Compile the results into a report organized by page: for each page, list its reconstructed prompts and the outcome on each platform, scored against the page's goal. Read it by intent, your informational citation rate versus your commercial recommendation rate, so you can see where you stand on each. Every miss is a gap, and every gap is an opportunity to improve the content and increase AI inclusion. Classify each one so you know how to fix it:

  • Wrong phrasing: the answer exists, but the heading and query don't match
  • Structural packaging: the facts are present but scattered or buried in prose, not extractable
  • Institutional source: a .gov / .edu / primary source owns a cleaner answer
  • Dedicated competitor page: a competitor has a whole page built around that direction

Part 3

Fill the gaps

Every gap from your report has a specific fix, and the fix differs by intent.
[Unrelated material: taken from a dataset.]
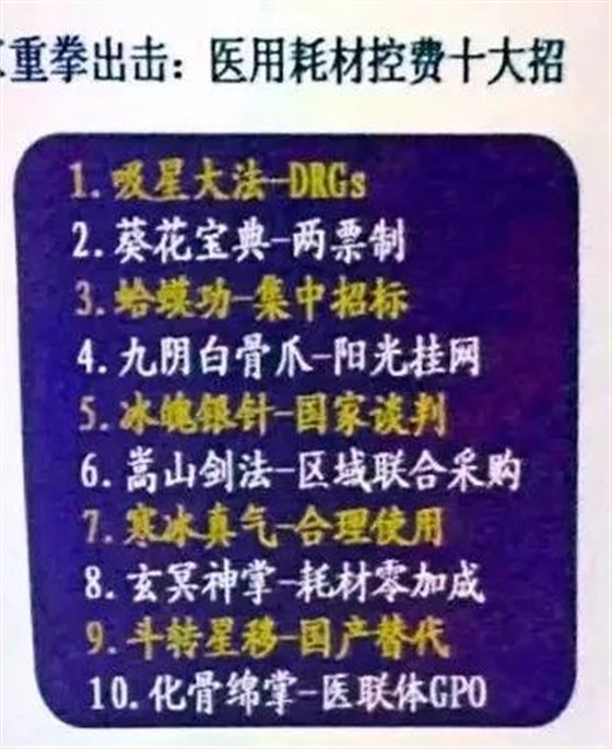 醫(yī)用耗材控費(fèi)十大招:DRGS,兩票制,集中招標(biāo),陽(yáng)光掛網(wǎng),國(guó)家談判,區(qū)域聯(lián)合采購(gòu),合理使用,耗材零加成,國(guó)產(chǎn)替代,醫(yī)聯(lián)體GPO。這十大招好厲害。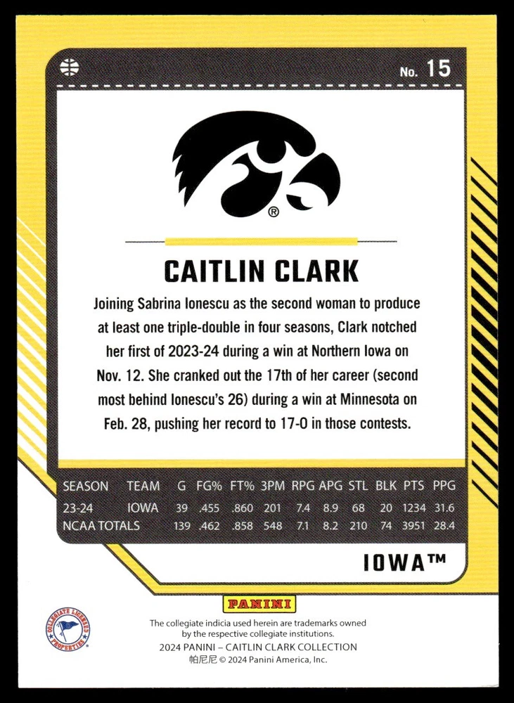 Behold the breathtaking 2024 Panini Donruss 15 Caitlin Clark /22 Iowa, a card that is a true testament to both the athlete's stellar performance and the Donruss brand's commitment to quality. With card number 15, this piece is a rare gem, limited to just 22, making it a precious addition for any sports card aficionado. This card features Caitlin Clark, one of the most remarkable talents from Iowa, which enhances its value and desirability for any collector. Its aesthetics are as striking as the player it represents. The design is clean, modern, and captures the essence of the sport in a tangible form. Donruss, a brand synonymous with superior quality and excellence, has truly outdone themselves with this card. The impeccable finish, the vibrant colors, and the crisp, clear image of Clark are all hallmarks of Donruss's workmanship. This 2024 Panini Donruss 15 Caitlin Clark /22 Iowa card is not just a collectible, it is a piece of sports history encapsulated in a form that you can hold. It's a must-have for die-hard sports fans, dedicated collectors, or anyone who appreciates the beautiful blend of sports and art. The rarity and significance of this card make it a treasure that will only appreciate with time. Don't miss out on the opportunity to own this remarkable piece of sports memorabilia.

Match the prescription to the gap type, apply it, then re-test inclusion.

Gap: wrong phrasing

Informational

Reposition the lead claim and restructure the FAQ so the heading matches the query phrasing exactly, the question is the query.

Commercial

Add jurisdiction and location specificity to the phrasing so it matches "[service] in [city]" patterns that institutional pages never address.

Gap: structural packaging

Informational

Add a Quick Facts summary block and convert prose to bounded lists, so one passage covers the direction without stitching.

Commercial

Add criteria / selection lists and explicit fee and process language, formatted as extractable lists rather than paragraphs.

Gap: institutional source

Informational

Remove context dependency so the answer stands alone, and niche the question so a .gov / .edu source has nothing clean to cite for it.

Commercial

Replace vague claims with named attributes only a provider can state: specific services, credentials, fees, and locations.

Gap: dedicated competitor page

Informational

Build your own dedicated section or page that owns the direction completely, with its own named H2 and a single clear extraction target.

Commercial

Build a dedicated page for that service plus jurisdiction, leading with the named attributes and explicit fee / process specifics.

Part 4

Tracking framework

Coverage is a moving target, so monitor it on a cadence rather than treating any single citation as won.

The honest caveat

Citations erode as competitors improve. The structural fixes do not lock in a permanent position, they raise the floor for recapture speed, so when you lose a slot you win it back faster. Treat coverage as maintained, not achieved.